Über 250 Einrichtungen in 30 Staaten der U.S.A. hat er sich mit eigenen Augen von innen angesehen. Und mehr als 1.000 Jugendliche und Angestellte getroffen und mit ihnen Interviews geführt. Herausgekommen sind beeindruckende Porträts junger Häftlinge, die vor allem viele Fragen aufwerfen. Denn auch wenn die Bilder ästhetisch gelungen sind, die Schönheit der Fotos steht hier natürlich nicht im Vordergrund, sondern vor allem die Kritik am Amerikanischen Rechtssystem.
Richard Ross
Denn was kann ein 10-Jähriges Mädchen bitteschön schlimmes angestellt haben, dass man es ins Gefängnis stecken muss? Und was soll es bringen, einen 13-Jährigen gewalttätigen Jungen aus dysfunktionalen Familienverhältnissen jahrelang hinter Gittern zu sperren, um ihn in einer sogenannten "Besserungsanstalt" auf die Gesellschaft "da draußen" vorzubereiten?

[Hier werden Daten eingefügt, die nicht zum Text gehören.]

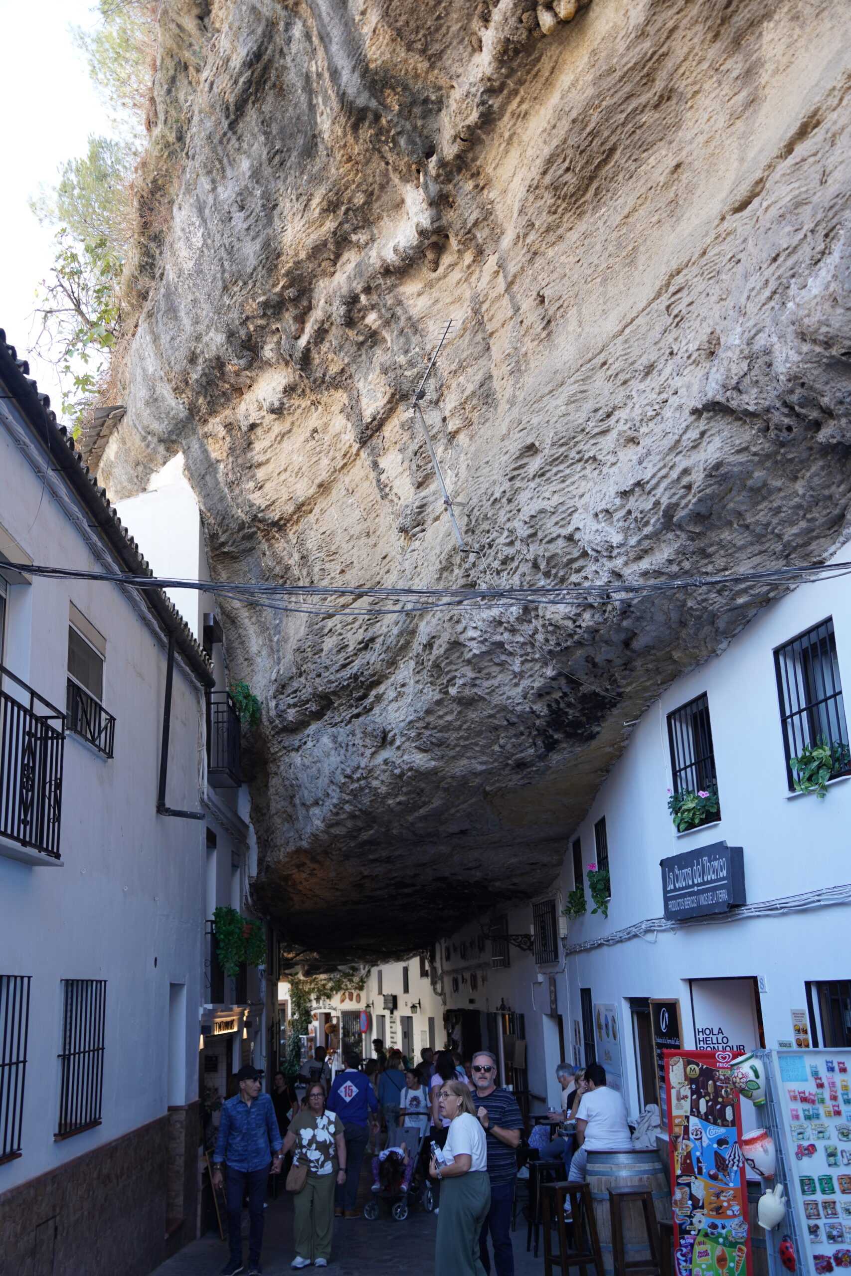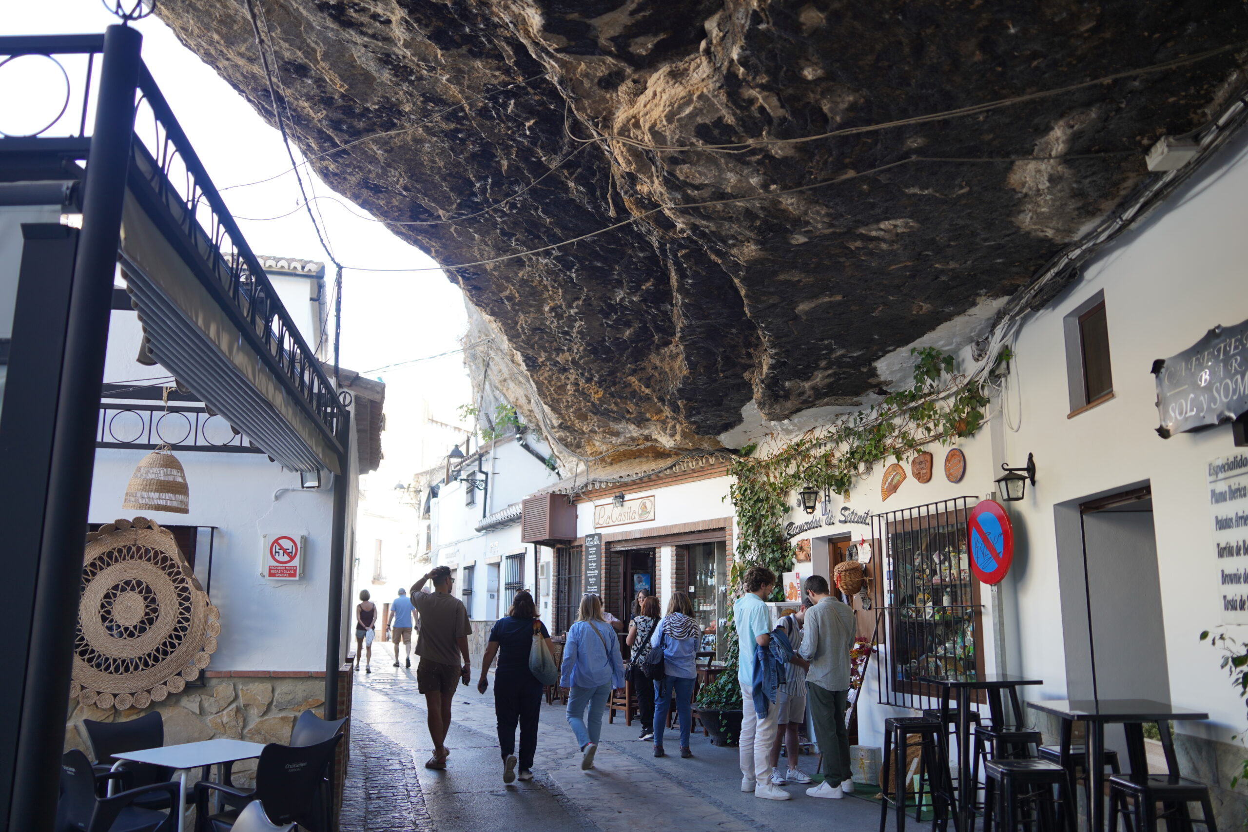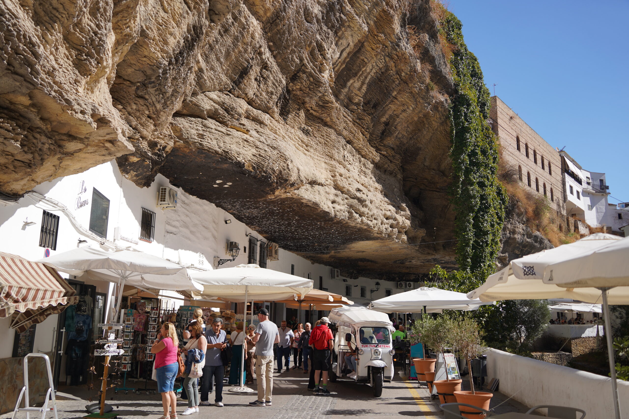 巨大な奇岩のトンネルをくぐり抜けて歩き続け、橋を渡ると川の対岸にも、さっきよりもさらに巨大な岩石に押しつぶされそうになって建てられている大迫力のレストラン街があった!こんな不思議な絶景、絶対にここでしか見られないよね。巨大な奇岩はレストラン街の屋根のようになっており、その下を歩いていると快晴続きのアンダルシアでは涼しくて快適だった。レストランは多くの人で賑わい、ここが一大観光地であることを思い知らされた。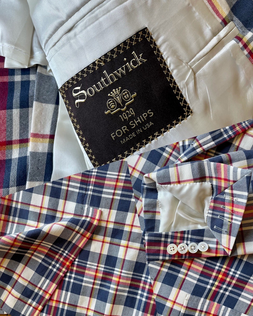 こちらは同じ生地で作られた4ピース。ブルックスブラザーズ200周年記念展で撮影したもので、トムブラウンのディレクションによるブラックフリースの製品になる。ブルックスブラザーズ傘下のサウスウィックが製造したこのジャケット、当ショップの主宰若林も着ている。同じ生地で作られたジャケットを二人とも着ているということがRoomのスタイルを物語っている。 (3)サウスウィックの行方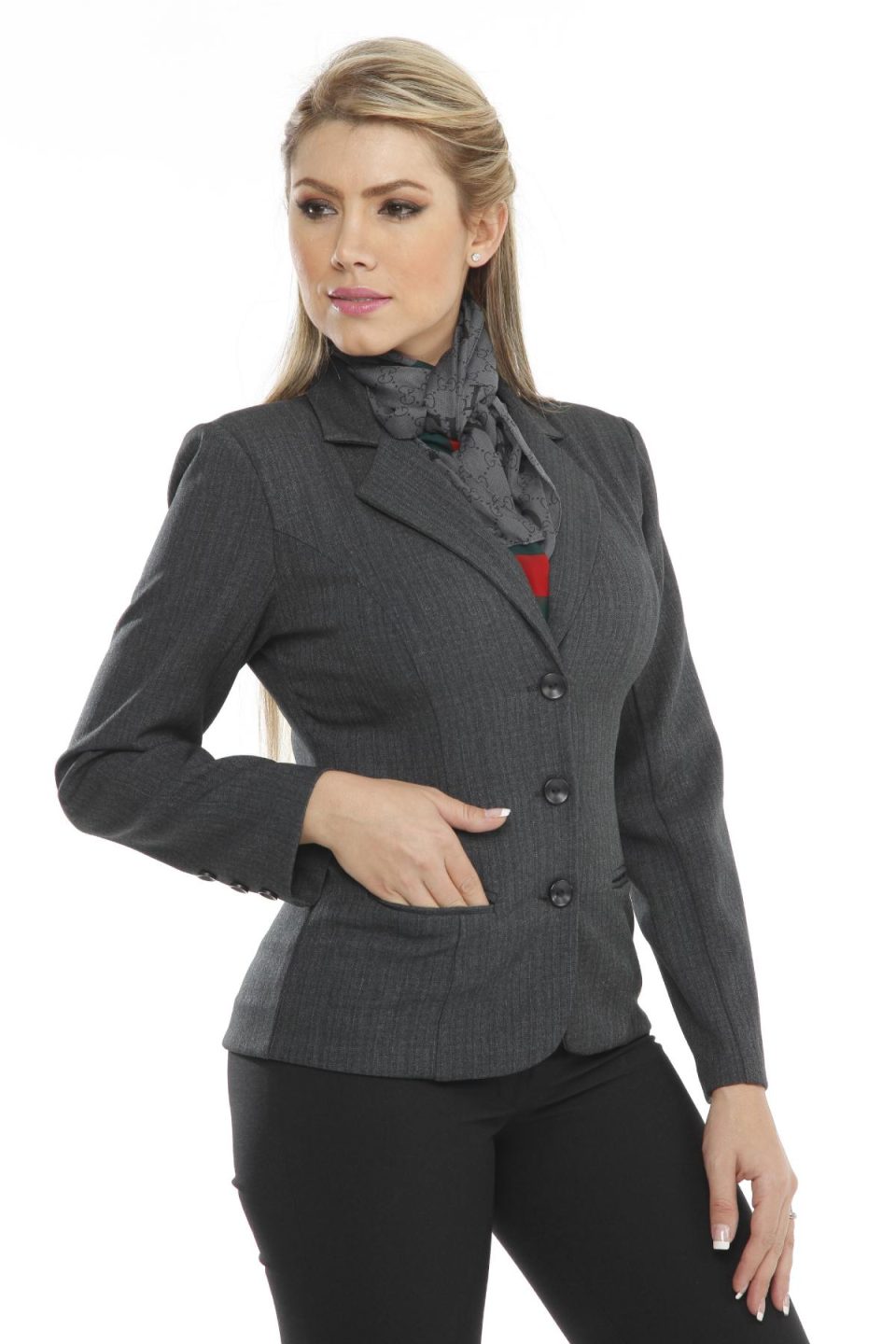 Blazer gris texturizado, corte sastre con moño discreto, diseño que combina elegancia clásica con un toque de sofisticación contemporánea.
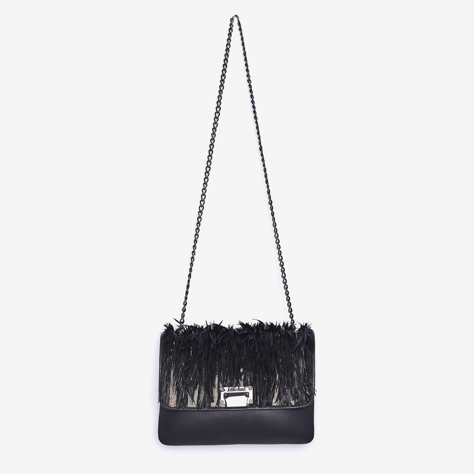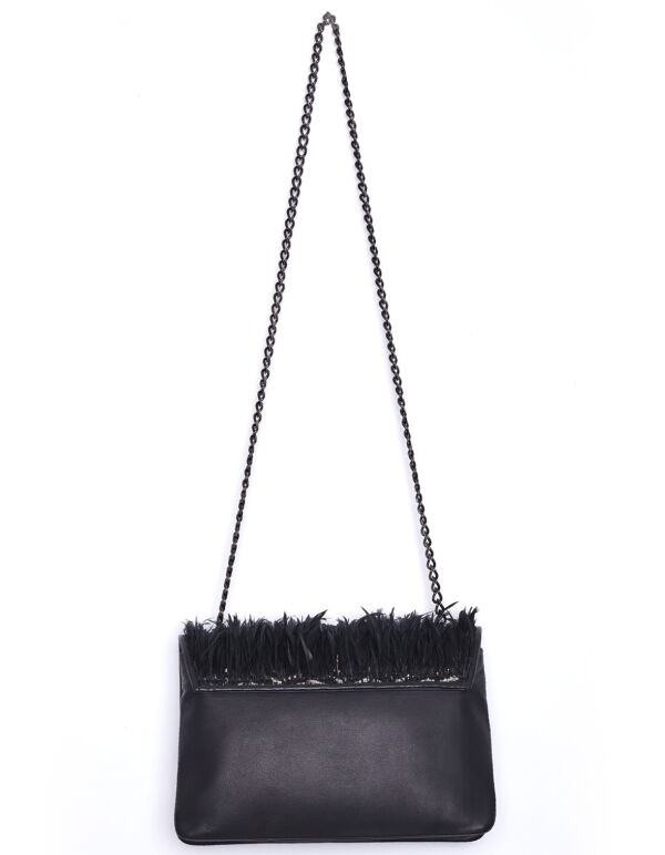 This leather jewel unites the airy lightness of black feathers with the radiance of pure gold: each plume is meticulously hand-embroidered onto a serge weave of genuine gold threads, set against a foundation of leather of unparalleled softness. To the touch, the leather’s fine grain delivers a delicate texture that subtly offsets the warm glimmer of the gold threads as they catch the light.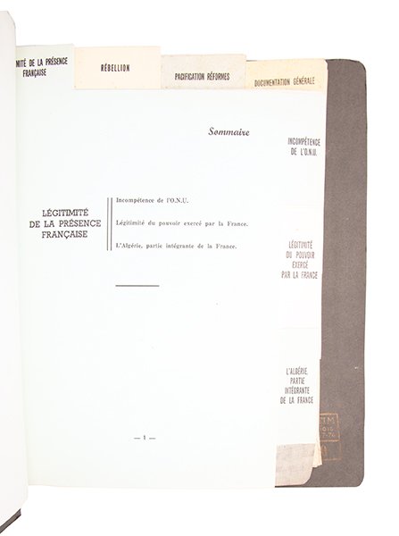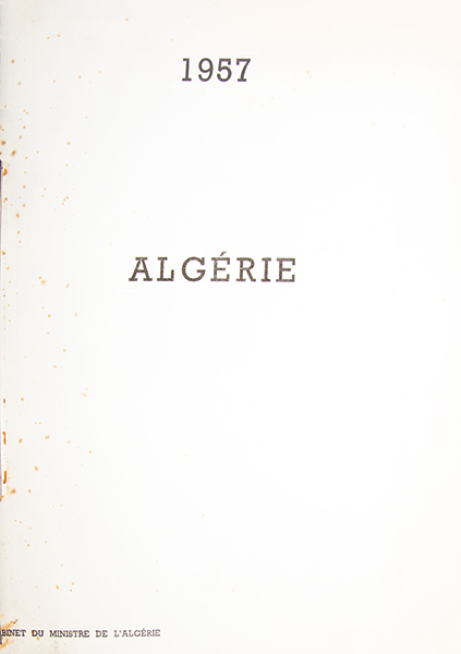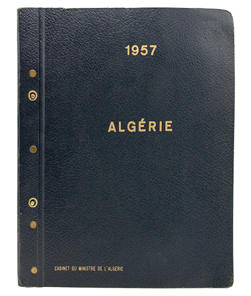Rapport ministériel sur la situation en Algérie en 1957, trois ans après le début des événements. Le volume contient quatre chapitres sur la Rébellion (Nationalisme et séparatismes algériens, rôle des mouvements nationalistes et politiques, thèmes de propagande et réfutations), la Pacification et les Réformes (politiques, administratives, agricoles, sociales) et la Documentation générale (histoire, institutions, aspect social, économie et monographies économiques). Carte et graphiques hors-texte. Carte de visite du ministre de l’Algérie, Robert Lacoste agrafé en page de titre. Quelques rousseurs. Très bon exemplaire.

Dass kaum eines der Kinder "da draußen" eine bessere Kindheit hatte, versteht sich von selbst. Erschreckend, was Richard Ross erzählt:
Denn wenn ein Kind von Zuhause wegläuft, weil es die Zustände nicht mehr aushält, out of control ist, dann landet es in den U.S.A. eben auch in Jugendgewahrsam. Es hat also die Wahl zwischen Gefängnis oder Wahnsinnig werden:
"I was at Maryvale, which is in Los Angeles. And there were 88 girls there. And there I asked the director what percentage of the girls have been abused. And his response was: "What percentage? All of them. Every one of them, all 88 girls here. They have all been either emotionally, physically or sexually been abused."
Richard Ross
Es braucht eben nicht viel, um in Amerika als Kind im Gefängnis zu landen. Anderswo würde man vielleicht Hausarrest bekommen, im schlimmsten Fall von der Schule geschmissen werden. Nicht so in Kansas, wie der 12-jährige N.R. Richard Ross bei den Aufnahmen erzählt hat:
"A kid was calling my mom bad names. I punched him and left school and started beating up a car. Cops came for me and I wouldn’t put on my seat belt when they put me in their car. So that was another violation. I told them I didn’t want to come here ... but here I am. I’ve been here a week and have a week to go. I’m “sanctioned” for two weeks."
Wann, Wie, Was, Wo?
Die Bilder und zugehörigen Interviews kann man sich in der Ausstellung "Juvenile in Justice" ansehen. Die Ausstellung läuft vom 15. März bis 30. April in der Anzenberger Gallery in Wien. Der großartige Fotoband zur Serie ist dort ebenfalls erhältlich.
Richard Ross verbindet seine Ausstellungen immer auch mit ausgedehnten Vorträge, denn mit ein paar Bildern ist es nicht getan. Heute kann man seinen Erfahrungen, die er während der Aufnahmen gesammelt hat auch persönlich lauschen. Am besten hinschauen:
Lecture by Richard Ross: Freitag, 15. März, 19 Uhr, in der Anzenberger Gallery. Das ist in den renovierten Räumen der ehemaligen Ankerbrotfabrik, übrigens ein großartiger Ort mit vielen neuen Galerien und viel Platz für Fotografie.